*DATASET SECTION*.
--- --- ---
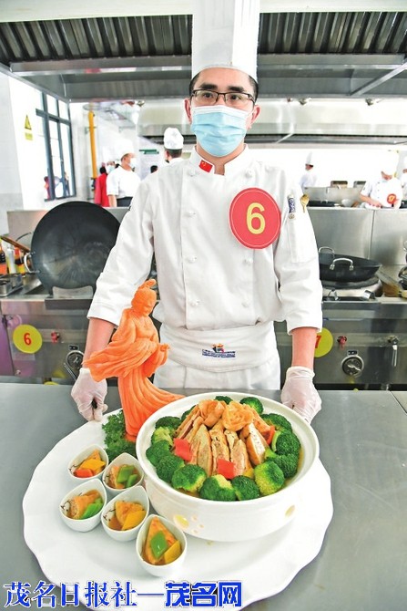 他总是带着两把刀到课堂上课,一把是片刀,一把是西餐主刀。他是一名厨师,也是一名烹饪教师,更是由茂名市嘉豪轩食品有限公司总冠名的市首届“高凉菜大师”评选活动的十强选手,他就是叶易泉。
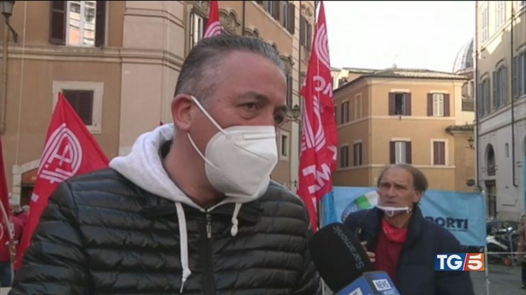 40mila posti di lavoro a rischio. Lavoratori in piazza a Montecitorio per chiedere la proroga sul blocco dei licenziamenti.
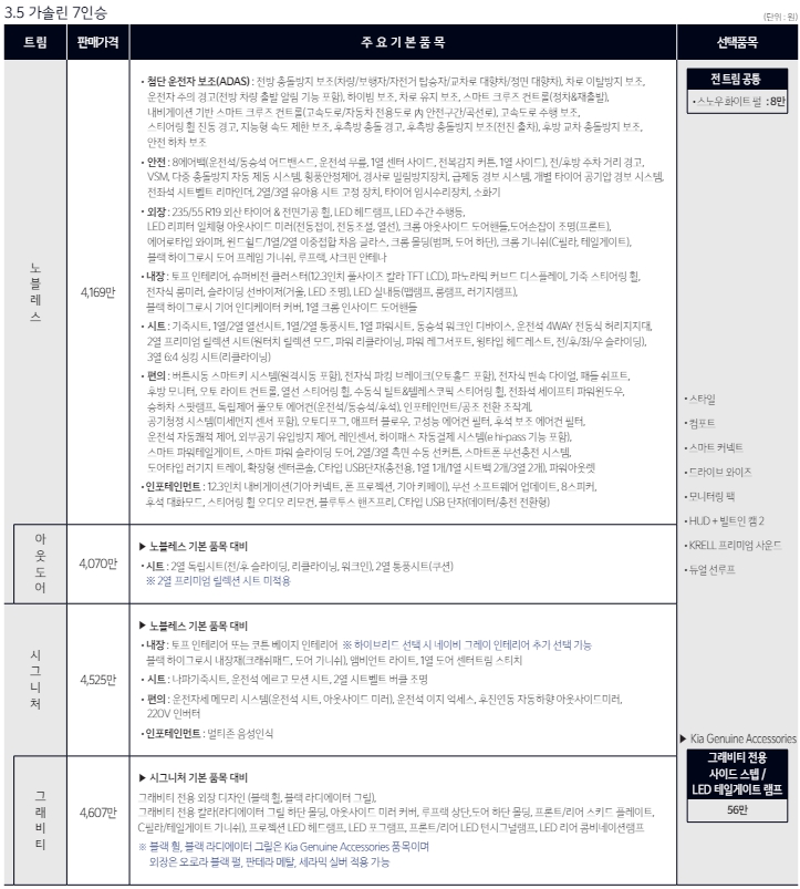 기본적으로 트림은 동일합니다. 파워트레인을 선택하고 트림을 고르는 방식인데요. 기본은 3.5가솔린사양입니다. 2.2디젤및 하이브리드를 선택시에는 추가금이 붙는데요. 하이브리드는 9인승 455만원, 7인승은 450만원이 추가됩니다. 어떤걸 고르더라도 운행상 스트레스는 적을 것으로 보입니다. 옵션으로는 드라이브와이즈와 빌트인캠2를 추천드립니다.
--- --- ---
*WHAT TO WORK ON*.
Return the data exactly. Pictures stay out.

*SOLUTION FOR THIS TASK*.
 他总是带着两把刀到课堂上课,一把是片刀,一把是西餐主刀。他是一名厨师,也是一名烹饪教师,更是由茂名市嘉豪轩食品有限公司总冠名的市首届“高凉菜大师”评选活动的十强选手,他就是叶易泉。
 40mila posti di lavoro a rischio. Lavoratori in piazza a Montecitorio per chiedere la proroga sul blocco dei licenziamenti.
 기본적으로 트림은 동일합니다. 파워트레인을 선택하고 트림을 고르는 방식인데요. 기본은 3.5가솔린사양입니다. 2.2디젤및 하이브리드를 선택시에는 추가금이 붙는데요. 하이브리드는 9인승 455만원, 7인승은 450만원이 추가됩니다. 어떤걸 고르더라도 운행상 스트레스는 적을 것으로 보입니다. 옵션으로는 드라이브와이즈와 빌트인캠2를 추천드립니다.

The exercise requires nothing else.